On May 24, 2012, at 5:31 PM, Lange, Kevin M. (GSFC-423.0)[RAYTHEON COMPANY] 
wrote:

> 
> 
> I thought it was a bug in the reporting, considering we've played with 
> numerous values for the various timeouts as an experiment, but wanted your 
> thoughts.
> This is v1.4.15.
> 
> [root@opsslb1 log]# haproxy -v
> HA-Proxy version 1.4.15 2011/04/08
> Copyright 2000-2010 Willy Tarreau <w...@1wt.eu>
> 
> On May 24, 2012, at 5:17 PM, Willy Tarreau wrote:
> 
>> Hi Kevin,
>> 
>> On Thu, May 24, 2012 at 04:04:03PM -0500, Lange, Kevin M. 
>> (GSFC-423.0)[RAYTHEON COMPANY] wrote:
>>> Hi,
>>> We're having odd behavior (apparently have always but didn't realize it), 
>>> where our backend httpchks "time out":
>>> 
>>> May 24 04:03:33 opsslb1 haproxy[4594]: Server webapp_ops_bk/webapp_ops1 is 
>>> DOWN, reason: Layer7 timeout, check duration: 1002ms. 0 active and 0 backup 
>>> servers left. 1 sessions active, 0 requeued, 0 remaining in queue.
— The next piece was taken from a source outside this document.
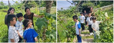 走进种植基地望着绿色的菜园,孩子们被不同种类的蔬菜难倒了,只好围着老奶奶,好奇地问着一个个问题。老奶奶志秀、晓元带着孩子们逐一认识菜名,耐心解答过程中,孩子们认识了当季的空心菜、丝瓜、辣椒等,了解了当季蔬菜种植时间、施肥管理、病虫防治以及每种蔬菜可以制作成什么样的美食,是生活中不可缺少的一部分,不同的蔬菜富含各种营养,对人们身体健康有着重要作用等的学习。

>>> May 24 04:41:55 opsslb1 haproxy[4594]: Server webapp_ops_bk/webapp_ops1 is 
>>> DOWN, reason: Layer7 timeout, check duration: 1001ms. 0 active and 0 backup 
>>> servers left. 2 sessions active, 0 requeued, 0 remaining in queue.
>>> May 24 08:38:10 opsslb1 haproxy[4594]: Server webapp_ops_bk/webapp_ops1 is 
>>> DOWN, reason: Layer7 timeout, check duration: 1002ms. 0 active and 0 backup 
>>> servers left. 1 sessions active, 0 requeued, 0 remaining in queue.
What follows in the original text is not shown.